_Exercise description_:
This task calls for the lines below starting at the one containing "スーツを着た女性と、スーツを着て子供を抱く女性の後ろ姿、線画" and ending at the one containing "by tribal populations.", repeated exactly with both ends kept and pictures left out.

━━━━━ Entries supplied ━━━━━

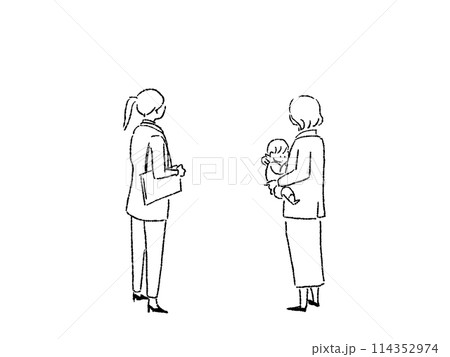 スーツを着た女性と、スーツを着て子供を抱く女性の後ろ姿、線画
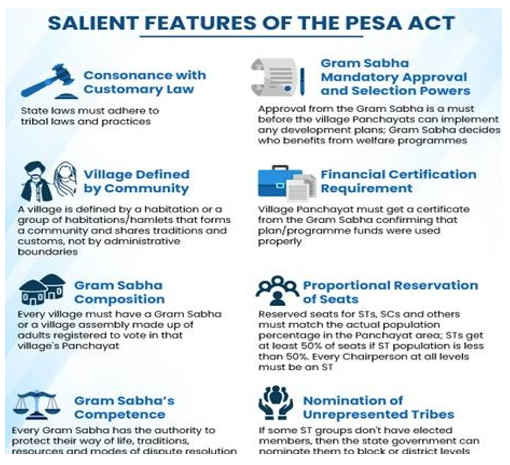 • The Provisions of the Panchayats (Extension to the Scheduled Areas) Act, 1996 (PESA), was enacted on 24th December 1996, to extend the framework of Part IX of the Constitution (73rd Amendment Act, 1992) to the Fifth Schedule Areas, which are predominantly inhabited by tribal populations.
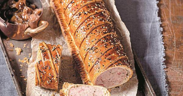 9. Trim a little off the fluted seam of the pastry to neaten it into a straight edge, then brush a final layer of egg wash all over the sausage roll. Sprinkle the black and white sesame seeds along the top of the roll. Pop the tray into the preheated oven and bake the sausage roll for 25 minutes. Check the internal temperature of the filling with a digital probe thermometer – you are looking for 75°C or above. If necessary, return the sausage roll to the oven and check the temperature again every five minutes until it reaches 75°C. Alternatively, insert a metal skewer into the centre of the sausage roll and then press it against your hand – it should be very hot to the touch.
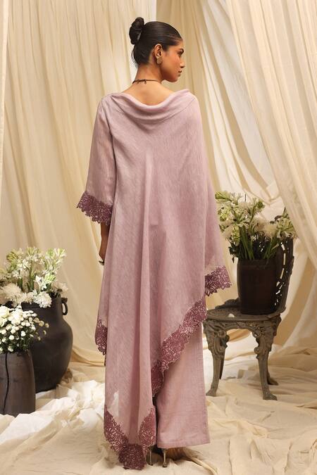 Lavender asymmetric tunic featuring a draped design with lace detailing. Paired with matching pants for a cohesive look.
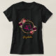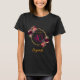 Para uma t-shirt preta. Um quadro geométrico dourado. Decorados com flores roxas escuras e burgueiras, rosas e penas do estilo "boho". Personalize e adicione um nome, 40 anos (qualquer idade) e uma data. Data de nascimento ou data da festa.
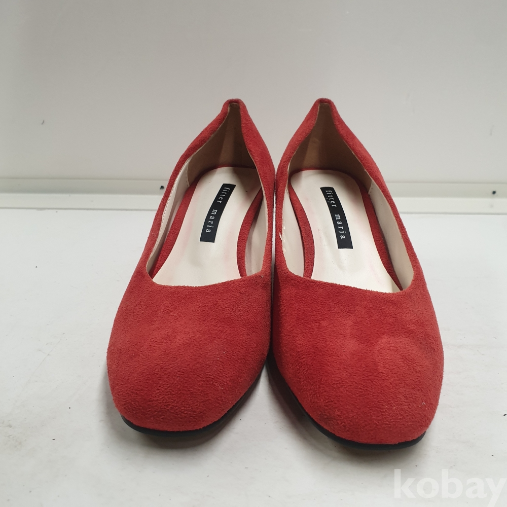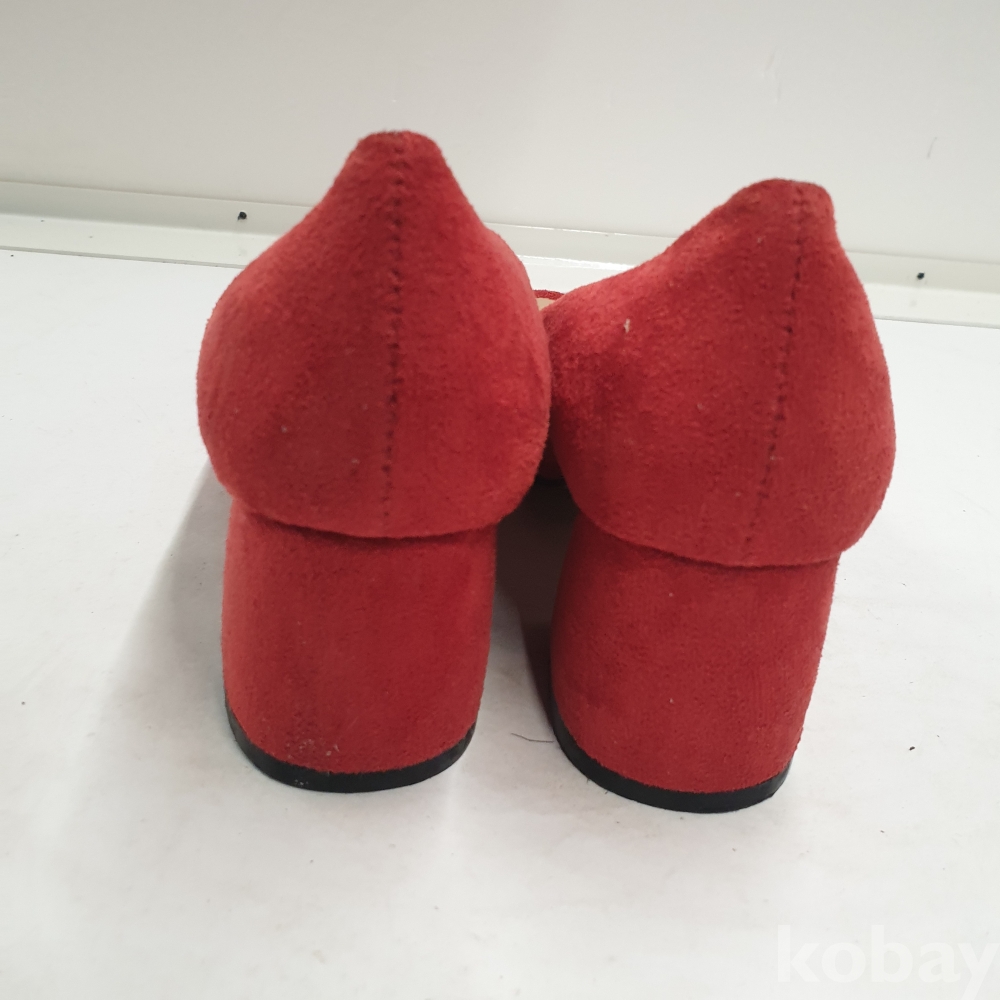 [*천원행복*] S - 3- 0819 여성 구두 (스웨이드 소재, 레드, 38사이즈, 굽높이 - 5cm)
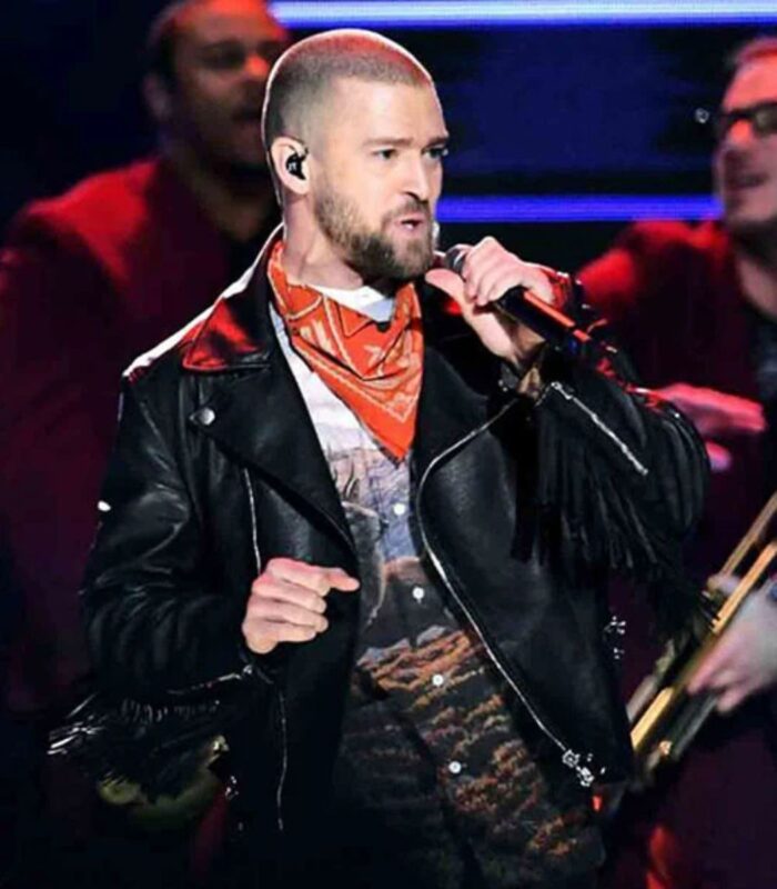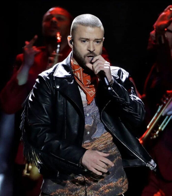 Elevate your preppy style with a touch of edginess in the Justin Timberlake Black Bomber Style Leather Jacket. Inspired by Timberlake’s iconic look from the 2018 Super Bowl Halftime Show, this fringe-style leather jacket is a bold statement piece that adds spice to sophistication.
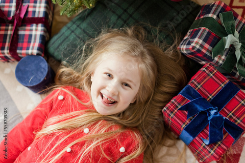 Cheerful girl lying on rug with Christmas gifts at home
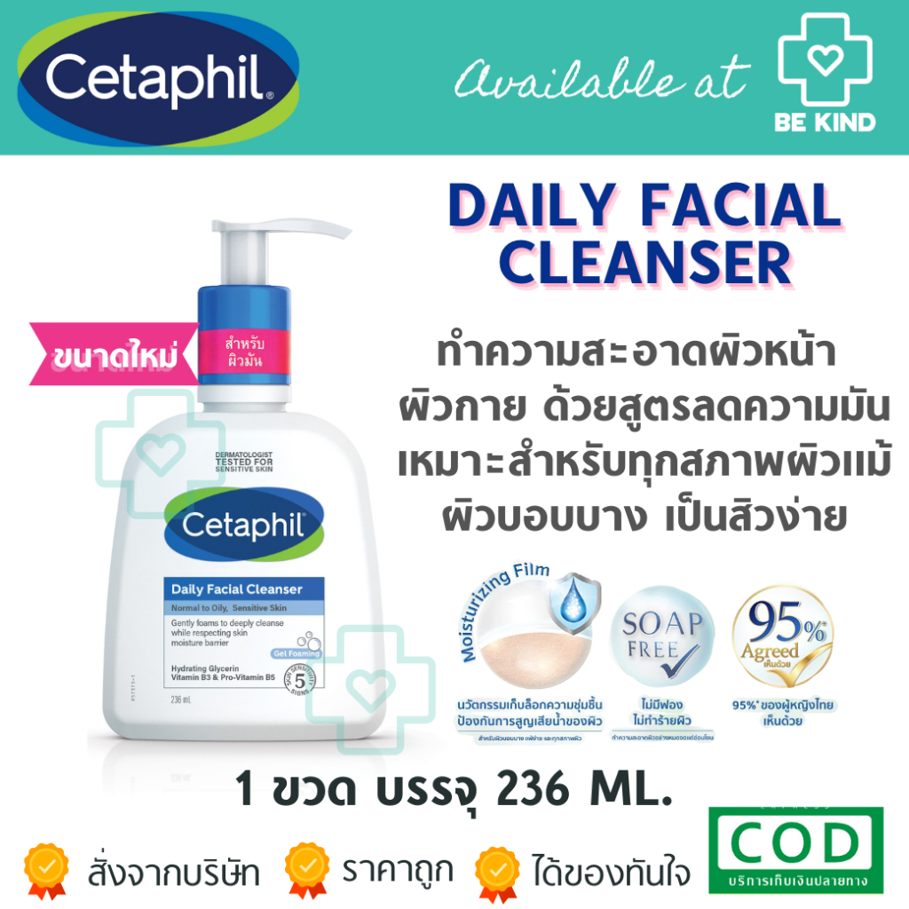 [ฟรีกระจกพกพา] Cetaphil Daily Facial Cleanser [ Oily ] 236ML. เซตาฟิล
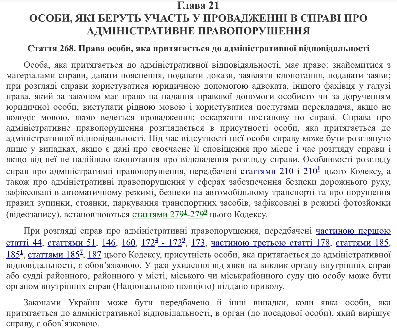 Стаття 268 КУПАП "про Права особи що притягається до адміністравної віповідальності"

━━━━━
━━━━━ Entries supplied ━━━━━

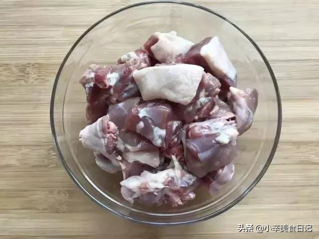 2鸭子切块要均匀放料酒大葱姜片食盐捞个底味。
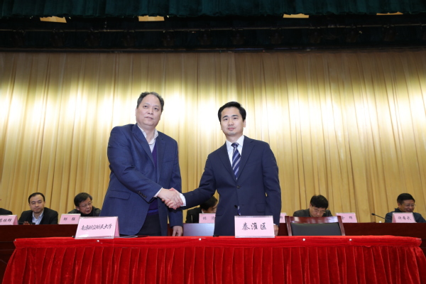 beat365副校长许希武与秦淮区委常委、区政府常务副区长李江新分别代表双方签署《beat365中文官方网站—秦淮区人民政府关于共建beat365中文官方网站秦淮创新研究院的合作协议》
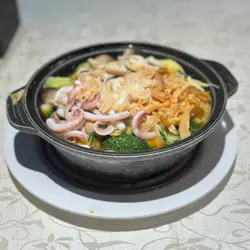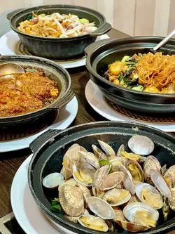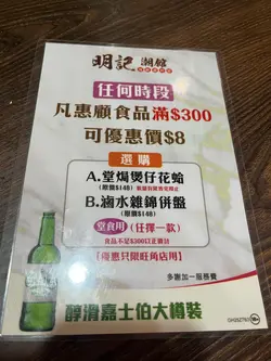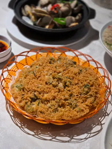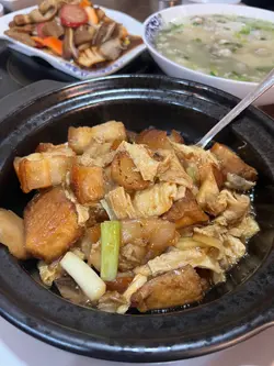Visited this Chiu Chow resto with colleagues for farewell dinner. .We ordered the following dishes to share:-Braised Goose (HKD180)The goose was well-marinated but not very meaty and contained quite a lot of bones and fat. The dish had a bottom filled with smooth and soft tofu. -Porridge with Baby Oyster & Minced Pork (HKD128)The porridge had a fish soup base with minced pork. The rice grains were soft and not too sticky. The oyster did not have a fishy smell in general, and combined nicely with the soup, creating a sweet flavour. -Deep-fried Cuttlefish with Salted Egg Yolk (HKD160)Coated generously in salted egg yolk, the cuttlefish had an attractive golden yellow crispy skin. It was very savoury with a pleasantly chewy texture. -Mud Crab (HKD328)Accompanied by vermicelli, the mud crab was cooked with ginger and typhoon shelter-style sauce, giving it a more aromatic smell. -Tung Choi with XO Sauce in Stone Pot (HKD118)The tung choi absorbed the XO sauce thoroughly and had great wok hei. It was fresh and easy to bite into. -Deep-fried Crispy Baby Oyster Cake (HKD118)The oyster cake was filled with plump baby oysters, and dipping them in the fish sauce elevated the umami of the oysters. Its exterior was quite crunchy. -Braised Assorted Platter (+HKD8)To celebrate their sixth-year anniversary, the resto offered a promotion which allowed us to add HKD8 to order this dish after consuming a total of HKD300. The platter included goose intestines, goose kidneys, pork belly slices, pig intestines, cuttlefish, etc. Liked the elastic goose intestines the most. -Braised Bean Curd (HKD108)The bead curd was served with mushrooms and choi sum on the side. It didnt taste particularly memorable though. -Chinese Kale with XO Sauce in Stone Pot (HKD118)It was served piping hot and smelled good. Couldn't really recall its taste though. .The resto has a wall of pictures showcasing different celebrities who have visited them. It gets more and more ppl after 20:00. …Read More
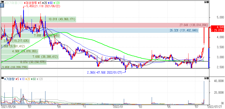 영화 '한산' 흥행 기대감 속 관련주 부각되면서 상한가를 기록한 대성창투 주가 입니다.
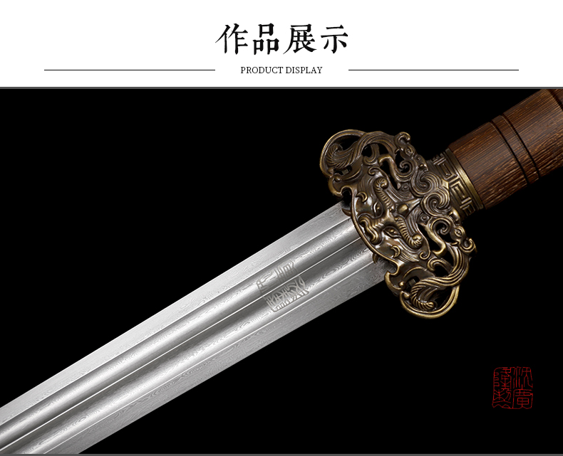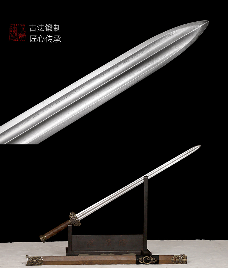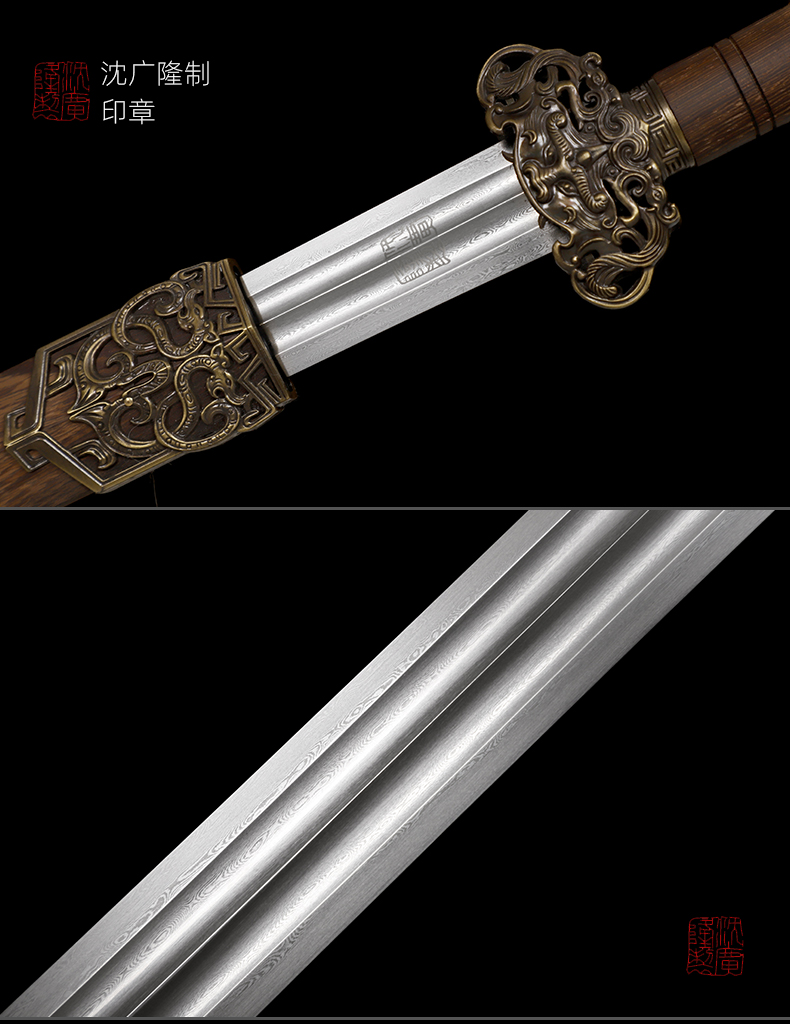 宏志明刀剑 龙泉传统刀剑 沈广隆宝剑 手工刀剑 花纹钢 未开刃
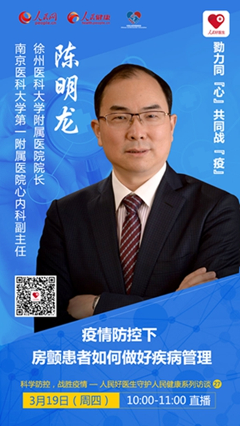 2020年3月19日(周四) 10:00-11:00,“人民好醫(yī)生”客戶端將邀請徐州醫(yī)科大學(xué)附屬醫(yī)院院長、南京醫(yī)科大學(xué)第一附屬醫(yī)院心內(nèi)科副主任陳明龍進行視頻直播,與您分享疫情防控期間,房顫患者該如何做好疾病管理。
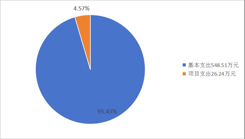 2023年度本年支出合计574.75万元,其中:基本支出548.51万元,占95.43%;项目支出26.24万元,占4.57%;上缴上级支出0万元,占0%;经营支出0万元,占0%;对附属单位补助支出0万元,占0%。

━━━━━

_Solution to this problem_:
 スーツを着た女性と、スーツを着て子供を抱く女性の後ろ姿、線画
 • The Provisions of the Panchayats (Extension to the Scheduled Areas) Act, 1996 (PESA), was enacted on 24th December 1996, to extend the framework of Part IX of the Constitution (73rd Amendment Act, 1992) to the Fifth Schedule Areas, which are predominantly inhabited by tribal populations.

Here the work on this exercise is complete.